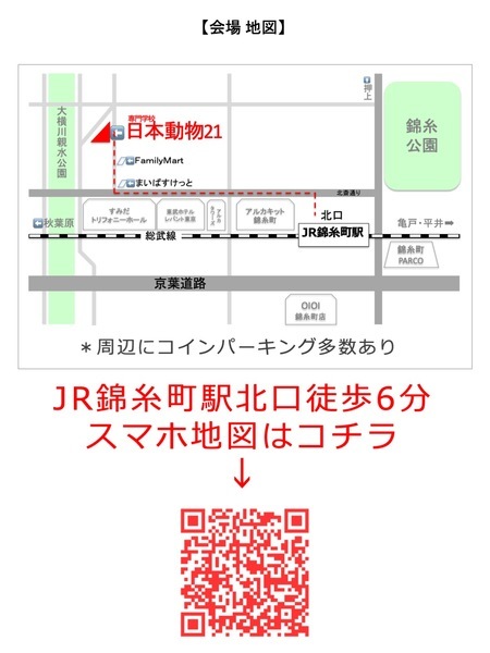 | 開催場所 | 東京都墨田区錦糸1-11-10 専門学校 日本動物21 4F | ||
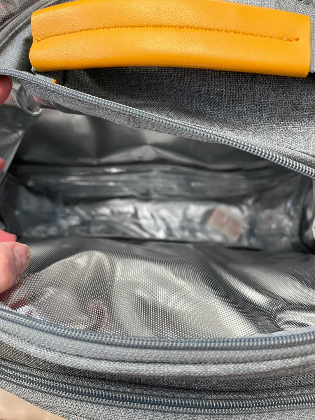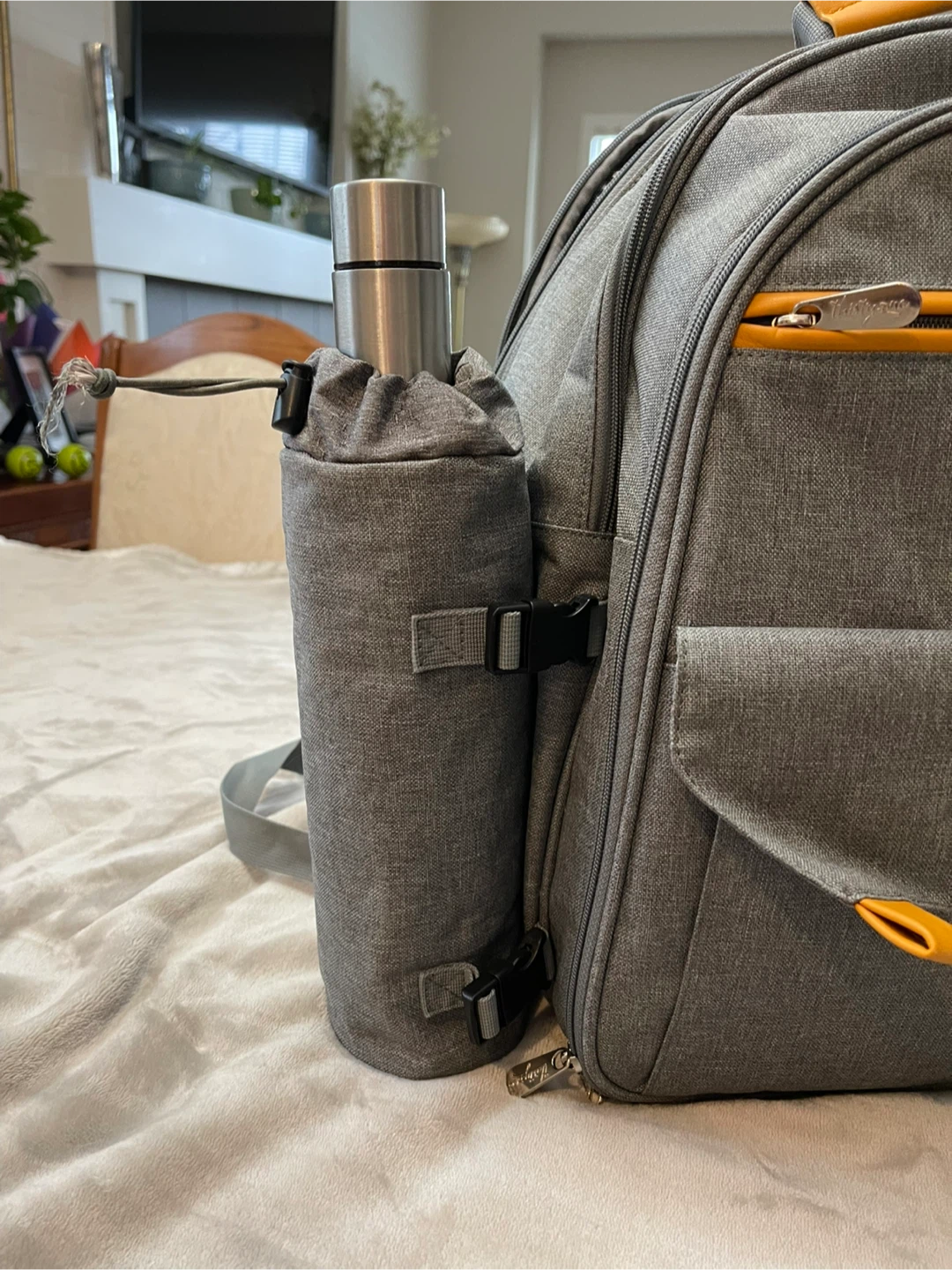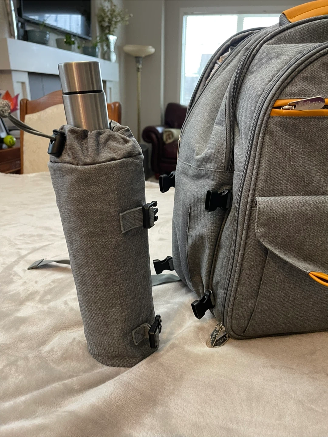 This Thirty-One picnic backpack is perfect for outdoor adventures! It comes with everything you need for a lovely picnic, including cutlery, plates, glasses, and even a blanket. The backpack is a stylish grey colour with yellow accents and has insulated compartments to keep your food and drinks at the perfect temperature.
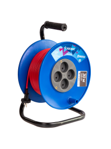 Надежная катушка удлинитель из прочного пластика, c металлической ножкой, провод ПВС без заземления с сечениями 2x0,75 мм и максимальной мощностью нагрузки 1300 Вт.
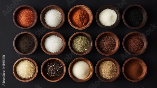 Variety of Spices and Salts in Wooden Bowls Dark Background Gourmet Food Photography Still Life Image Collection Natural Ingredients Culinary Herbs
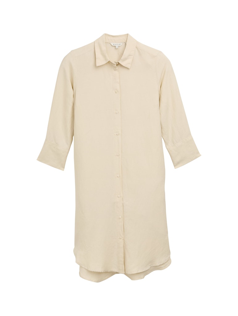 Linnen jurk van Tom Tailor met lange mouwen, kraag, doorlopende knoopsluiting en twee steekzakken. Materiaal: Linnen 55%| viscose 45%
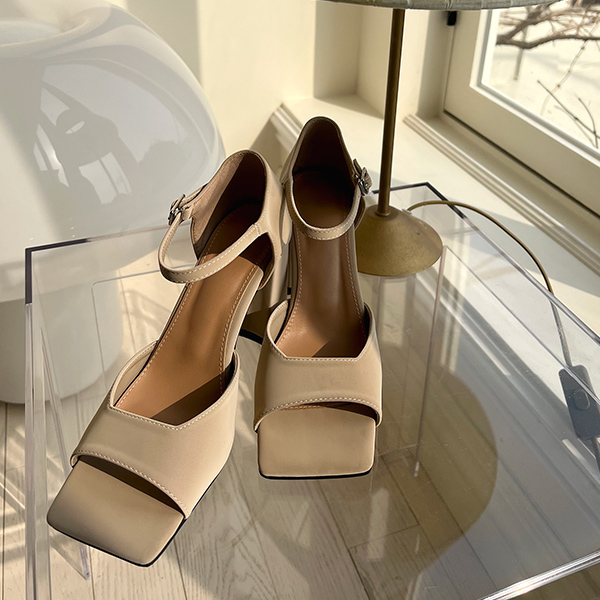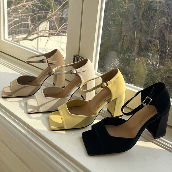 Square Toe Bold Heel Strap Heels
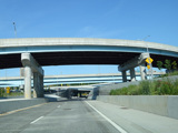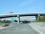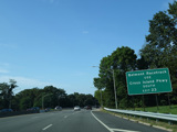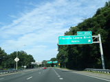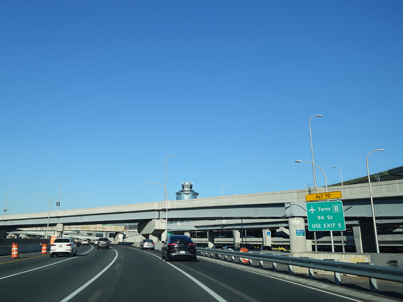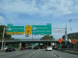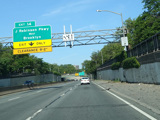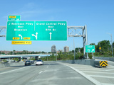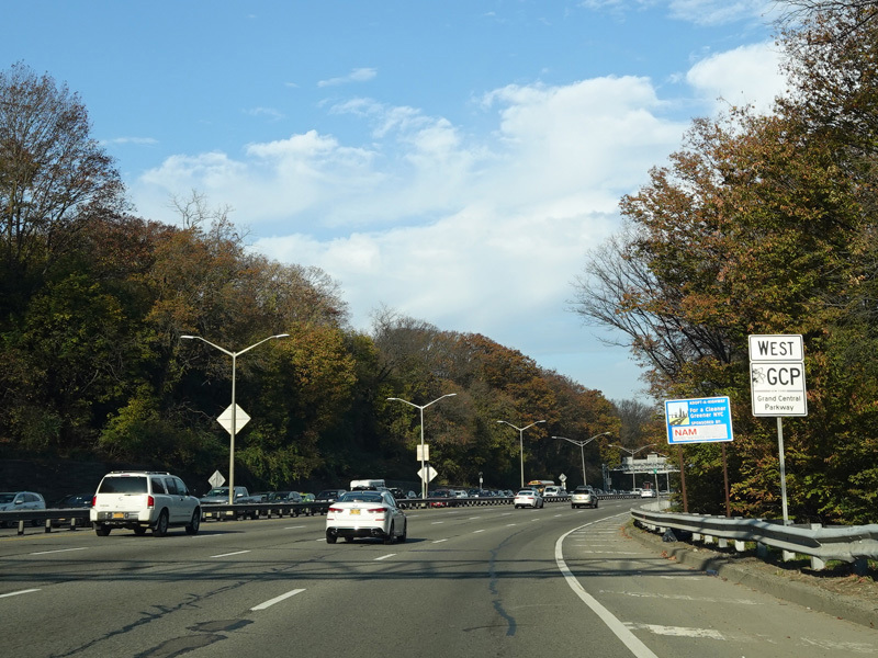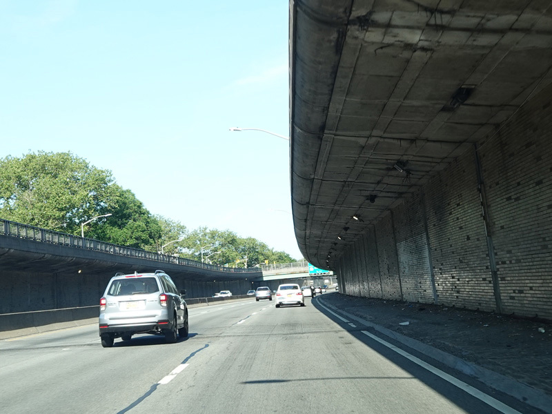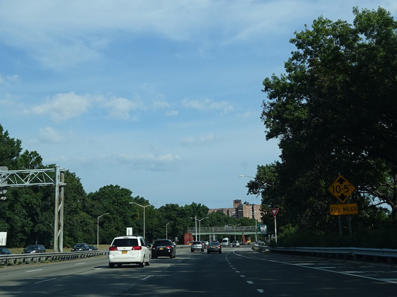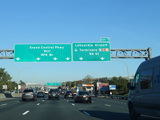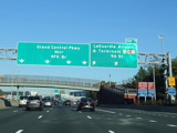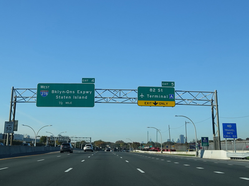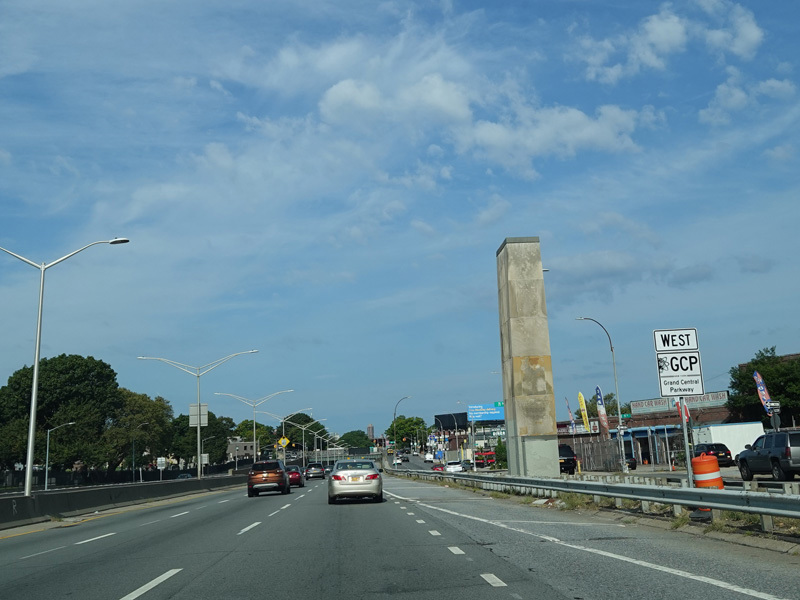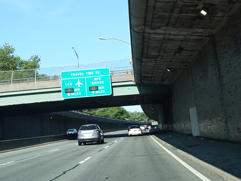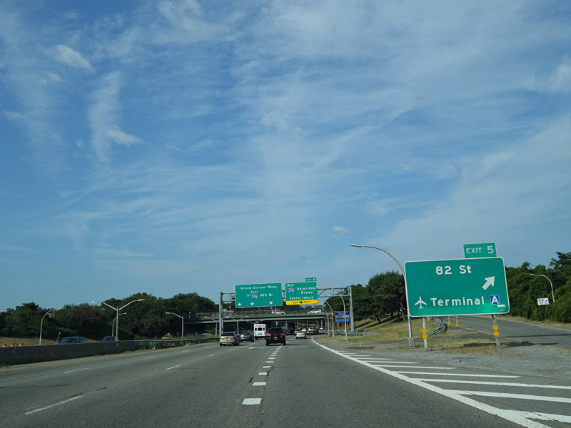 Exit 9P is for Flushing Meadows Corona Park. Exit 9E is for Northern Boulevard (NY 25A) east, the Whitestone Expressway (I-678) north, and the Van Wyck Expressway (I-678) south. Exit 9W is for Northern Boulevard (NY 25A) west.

___

All of the data needs repeating exactly, but the pictures do not.

 | 開催場所 | 東京都墨田区錦糸1-11-10 専門学校 日本動物21 4F | ||
 This Thirty-One picnic backpack is perfect for outdoor adventures! It comes with everything you need for a lovely picnic, including cutlery, plates, glasses, and even a blanket. The backpack is a stylish grey colour with yellow accents and has insulated compartments to keep your food and drinks at the perfect temperature.
 Надежная катушка удлинитель из прочного пластика, c металлической ножкой, провод ПВС без заземления с сечениями 2x0,75 мм и максимальной мощностью нагрузки 1300 Вт.
 Variety of Spices and Salts in Wooden Bowls Dark Background Gourmet Food Photography Still Life Image Collection Natural Ingredients Culinary Herbs
 Linnen jurk van Tom Tailor met lange mouwen, kraag, doorlopende knoopsluiting en twee steekzakken. Materiaal: Linnen 55%| viscose 45%
 Square Toe Bold Heel Strap Heels
 Exit 9P is for Flushing Meadows Corona Park. Exit 9E is for Northern Boulevard (NY 25A) east, the Whitestone Expressway (I-678) north, and the Van Wyck Expressway (I-678) south. Exit 9W is for Northern Boulevard (NY 25A) west.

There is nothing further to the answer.